本申请提供了一种模型训练方法、中文文本纠错方法、电子设备和存储介质,该模型训练方法包括:获取训练中文语料和字音字形混淆集(110);根据字音字形混淆集构建字音模型和字形模型(120);根据训练中文语料确定字符嵌入(130);将训练中文语料输入字音模型和字形模型,分别得到拼音嵌入和字形嵌入(140);将字符嵌入、拼音嵌入和字形嵌入输入深度双向预训练语言模型并利用掩码策略进行预训练(150);对预训练后的深度双向预训练语言模型进行微调,得到中文文本纠错语言模型(160)。

Description

模型训练方法、中文文本纠错方法、电子设备和存储介质
相关申请的交叉引用
本申请基于申请号为202111394466.0、申请日为2021年11月23日的中国专利申请提出,并要求该中国专利申请的优先权,该中国专利申请的全部内容在此引入本申请作为参考。
技术领域
本申请涉及但不限于自然语言处理和人工智能技术领域,例如涉及一种模型训练方法、中文文本纠错方法、电子设备和存储介质。
背景技术
互联网中存有海量的文本信息,这些文本中包含许多错别字。
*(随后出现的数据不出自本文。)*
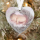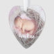 Personalize este adorável ornamento em forma de coração com duas fotos preciosas para comemorar o nascimento do seu bebê ou o primeiro Natal. Suas legendas personalizadas aparecem na frente e no verso em tipografia de pincel com letra branca.

在日常生活中,经常在公众号,微博等自媒体平台发现错误文字。据统计,在新媒体中文本出错率在2%左右,在一些问答系统中,出错率高达9%。在中文文本中大约83%的错误与相似发音相关,因为互联网内的中文基本是以拼音输入为主,48%的错误与相似字形相关,主要是由于五笔输入法和相似字形容易误选。输入准确性是自然语言处理领域内上层任务的前提,故而文本纠错是提升上层任务性能的关键,也是自然语言处理领域中的一项巨大挑战。
目前,语言模型无法学习到中文的近音字信息和形似字信息,导致在利用语音模型进行中文文本纠错时,无法利用近音字信息和形似字信息对错别字纠正,中文文本纠错结果的准确率低和可解释性差。
发明内容
以下是对本文详细描述的主题的概述。本概述并非是为了限制权利要求的保护范围。
本申请实施例提供了一种模型训练方法、中文文本纠错方法、电子设备和存储介质。
第一方面,本申请实施例提供了一种模型训练方法,包括:获取训练中文语料和字音字形混淆集,其中,所述字音字形混淆集为中文近音字混淆集和中文形似字混淆集的合集;根据所述字音字形混淆集构建字音模型和字形模型;根据所述训练中文语料确定字符嵌入;将所述训练中文语料输入所述字音模型和所述字形模型,分别得到拼音嵌入和字形嵌入;将所述字符嵌入、所述拼音嵌入和所述字形嵌入输入深度双向预训练语言模型并利用掩码策略进行预训练;对所述预训练后的深度双向预训练语言模型进行微调,得到中文文本纠错语言模型。
第二方面,本申请还提供了一种中文文本纠错方法,包括:获取待纠错中文文本;将所述待纠错中文文本输入训练后的中文文本纠错语言模型,得到纠错文本,其中,所述中文文本纠错语言模型由如上第一方面所述的模型训练方法训练得到。
第三方面,本申请还提供了一种中文语音识别纠错方法,包括:获取待纠错语音;对所述待纠错语音进行语音识别处理,得到待纠错中文文本;将所述待纠错中文文本输入训练后的中文文本纠错语言模型,得到纠错文本,其中,所述中文文本纠错语言模型由如上第一方面所述的模型训练方法训练得到。
第四方面,本申请还提供了一种电子设备,包括:存储器、处理器及存储在存储器上并可在处理器上运行的计算机程序,所述处理器执行所述计算机程序时实现如上第一方面所述 的模型训练方法,或者如上第二方面所述的中文文本纠错方法,或者如上第三方面所述的中文语音识别纠错方法。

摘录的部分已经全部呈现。